VGAC II, Grove and their respective directors, executive officers, other members of management, and employees, under SEC rules, may be deemed to be participants in the solicitation of proxies of VGAC II’s shareholders in connection with the business combination. Information regarding the persons who may, under SEC rules, be deemed participants in the solicitation of VGAC II’s shareholders in connection with the business combination will be set forth in VGAC II’s registration statement on Form S-4, including a proxy statement/prospectus, when it is filed with the SEC. Investors and security holders may obtain more detailed information regarding the names and interests in the business combination of VGAC II’s directors and officers in VGAC II’s filings with the SEC and such information will also be in the registration statement to be filed with the SEC by VGAC II, which will include the proxy statement/prospectus of VGAC II for the business combination.
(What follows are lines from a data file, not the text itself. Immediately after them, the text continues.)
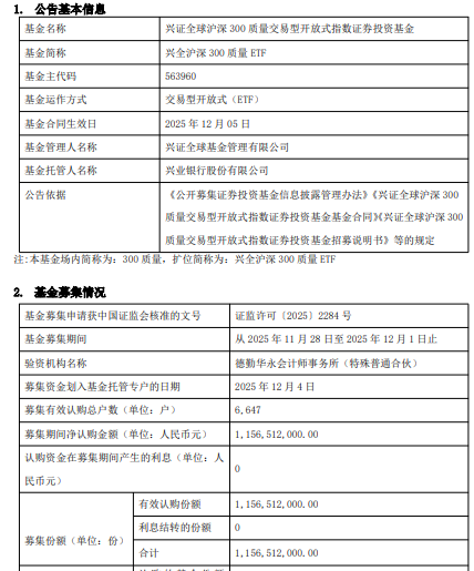 中国经济网北京12月8日电 近日,兴证环球基金发布关于兴证环球沪深300优质交易开放式指数证券投资基金基金合同有效性的公告。融资期内认购净额为1,156,512,000元,融资期内认购资金应计利息为0元,募集股份总数为1,156,512,000.00元。基金经理田大伟先生,曾任光大保诚基金管理有限公司绝对收益投资部总监、基金经理。同时担任资产管理部资产管理部副部长、资产管理部量化投资部副部长、华鑫证券股份有限公司投资经理、总经理、投资经理。现任兴业证券环球基金M专户投资部投资经理、基金经理。管理有限公司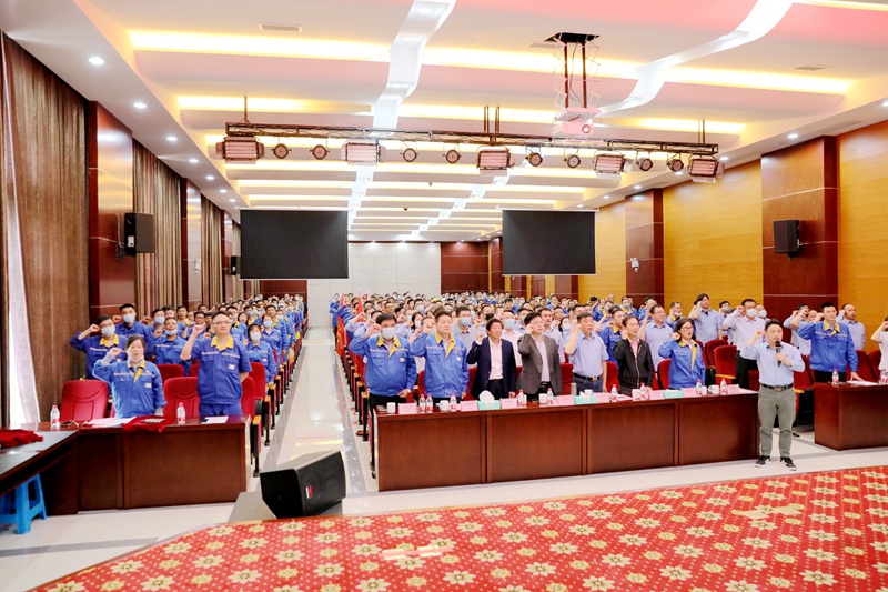 與會人員在公司副總經(jīng)理魯富貴的帶領(lǐng)下,高舉右拳向大會莊嚴(yán)宣誓,用擲地有聲的口號展示出了每一個景興人實施和執(zhí)行精益管理的信念與決心。宣誓姜本次大會的氣氛推向高潮,更加讓景興人在此刻再次凝聚士氣,奮發(fā)向上,讓團隊力量成為本次項目的向心力,彰顯出全體景興人對精益管理的昂揚斗志。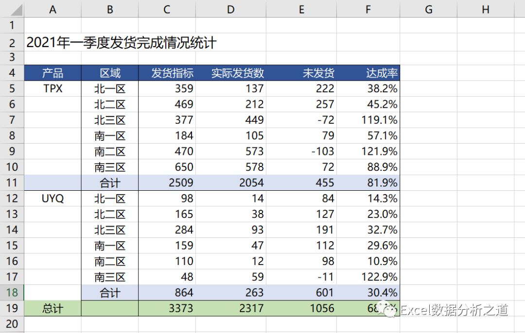 老板想要看的第一个数据,肯定是总的情况了也就是最后一行总计了,因此,你需要绘制这行数据的图表,那么问题来了,用什么图表才能清晰地表达出来这行总计数呢?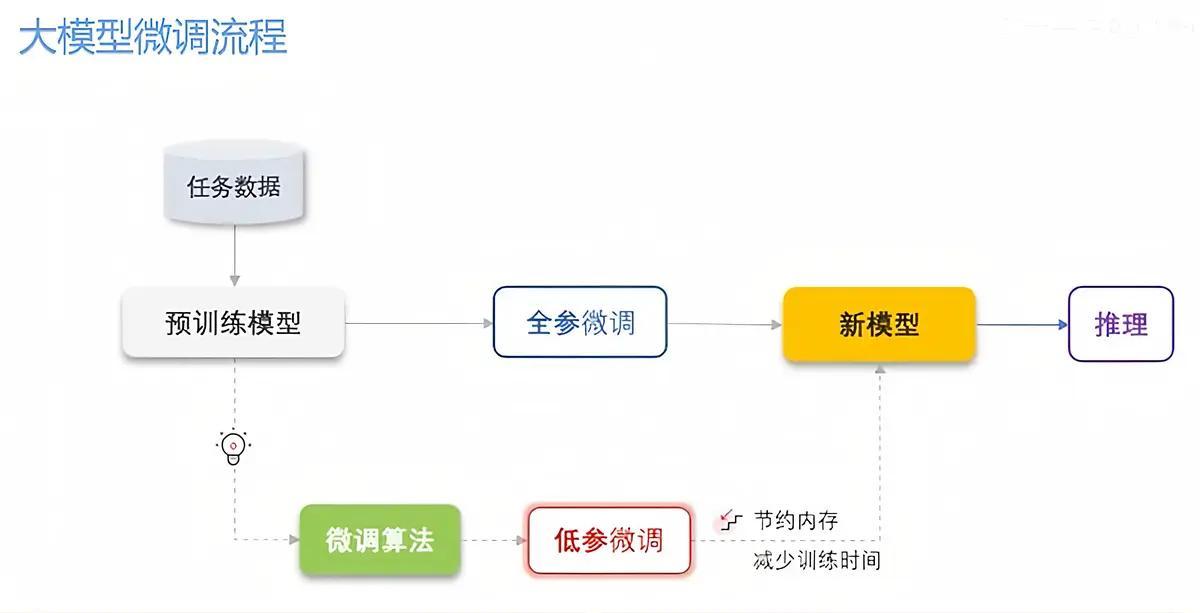 低参数微调(PEFT):更像是选派关键员工去进修,然后让他们回来培训其他人。这种方法只调整模型的一小部分参数(常用 LoRA 等技术),大大降低了计算和内存需求,训练速度快,效果却不差,是大多数企业的首选方案。

Caution Concerning Forward-Looking Statements


This communication may contain forward-looking statements within the meaning of Section 27A of the Securities Act of 1933, as amended, and Section 21E of the Securities Exchange Act of 1934, as amended, including statements regarding our or our management team’s expectations, hopes, beliefs, intentions, plans, prospects or strategies regarding the future, including possible business combinations, revenue growth and financial performance, product expansion and services. Any statements contained herein that are not statements of historical fact may be deemed to be forward-looking statements. In addition, any statements that refer to projections, forecasts or other characterizations of future events or circumstances, including any underlying assumptions, are forward-looking statements. The words “anticipate,” “believe,” “continue,” “could,” “estimate,” “expect,” “intends,” “may,” “might,” “plan,” “possible,” “potential,” “predict,” “project,” “should,” “would” and similar expressions may identify forward-looking statements, but the absence of these words does not mean that a statement is not forward-looking. The forward-looking statements that may be contained in this communication are based on our current expectations and beliefs made by the management of VGAC II and Grove in light of their respective experience and their perception of historical trends, current conditions and expected future developments and their potential effects on VGAC II and Grove as well as other factors they believe are appropriate in the circumstances. There can be no assurance that future developments affecting VGAC II or Grove will be those that we have anticipated. These forward-looking statements involve a number of risks, uncertainties (some of which are beyond the control of the parties) or other assumptions that may




cause actual results or performance to be materially different from those expressed or implied by these forward-looking statements, including that the VGAC II stockholders will approve the transaction, regulatory approvals, product and service acceptance, and that, Grove will have sufficient capital upon the approval of the transaction to operate as anticipated. Should one or more of these risks or uncertainties materialize, or should any of our assumptions prove incorrect, actual results may vary in material respects from those projected in these forward-looking statements. Additional factors that could cause actual results to differ are discussed under the heading “Risk Factors” and in other sections of VGAC II’s filings with the SEC, and in VGAC II’s current and periodic reports filed or furnished from time to time with the SEC. All forward-looking statements in this communication are made as of the date hereof, based on information available to VGAC II and Grove as of the date hereof, and VGAC II and Grove assume no obligation to update any forward-looking statement, whether as a result of new information, future events or otherwise, except as may be required under applicable securities laws.